> _TASK DESCRIPTION_
Repeat the listing exactly. Do not carry over any pictures.

> _GIVEN INFORMATION_
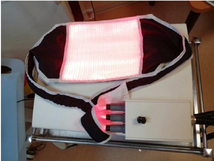
Figure 2B. FLUXMEDICARE® device (TEXTLIGHT 3)
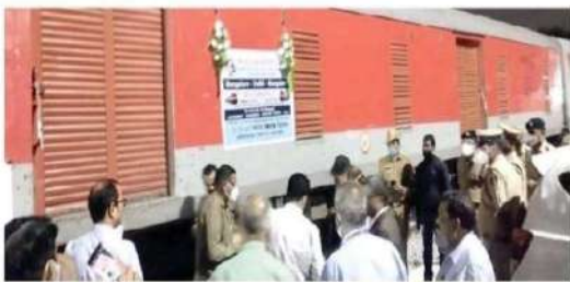
24/10/2021 BENGALURU Pg 02

Being time-tabled trains with lesser transit time, customers will be able to transport parcels in bulk quantity. In the first 3 years, no escalation in freight will be allowed but 10 per cent of escalation will be permitted from the 4th year. The service is expected to attract transport from road traffic to railways.
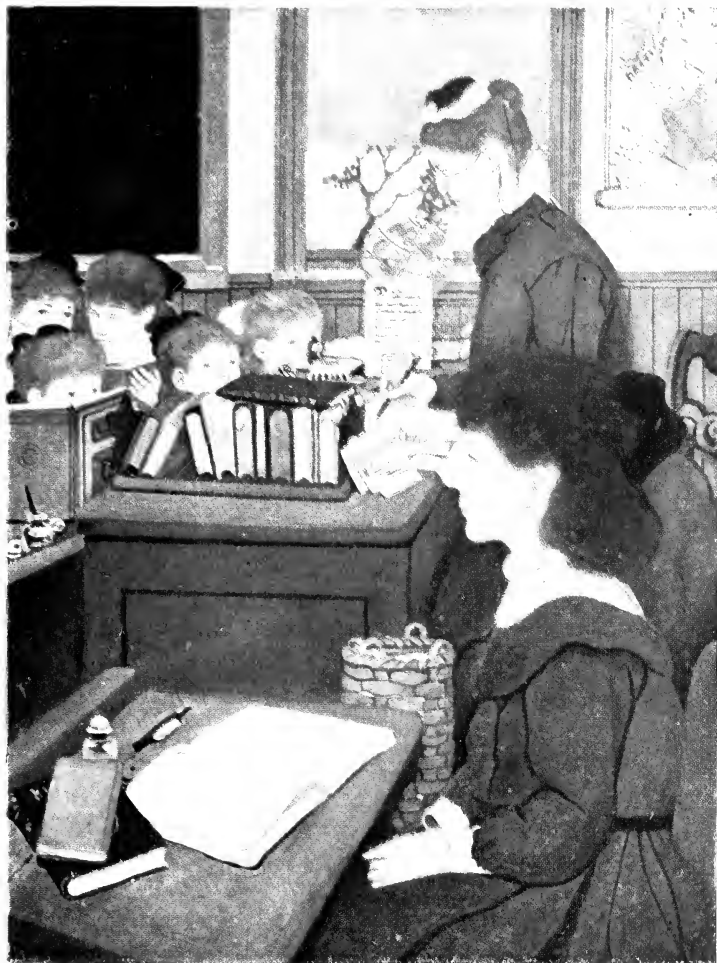
She was not abashed at all by the many pairs of eyes watching her

> _ANSWER BOX_
Figure 2B. FLUXMEDICARE® device (TEXTLIGHT 3)
24/10/2021 BENGALURU Pg 02

Being time-tabled trains with lesser transit time, customers will be able to transport parcels in bulk quantity. In the first 3 years, no escalation in freight will be allowed but 10 per cent of escalation will be permitted from the 4th year. The service is expected to attract transport from road traffic to railways.
She was not abashed at all by the many pairs of eyes watching her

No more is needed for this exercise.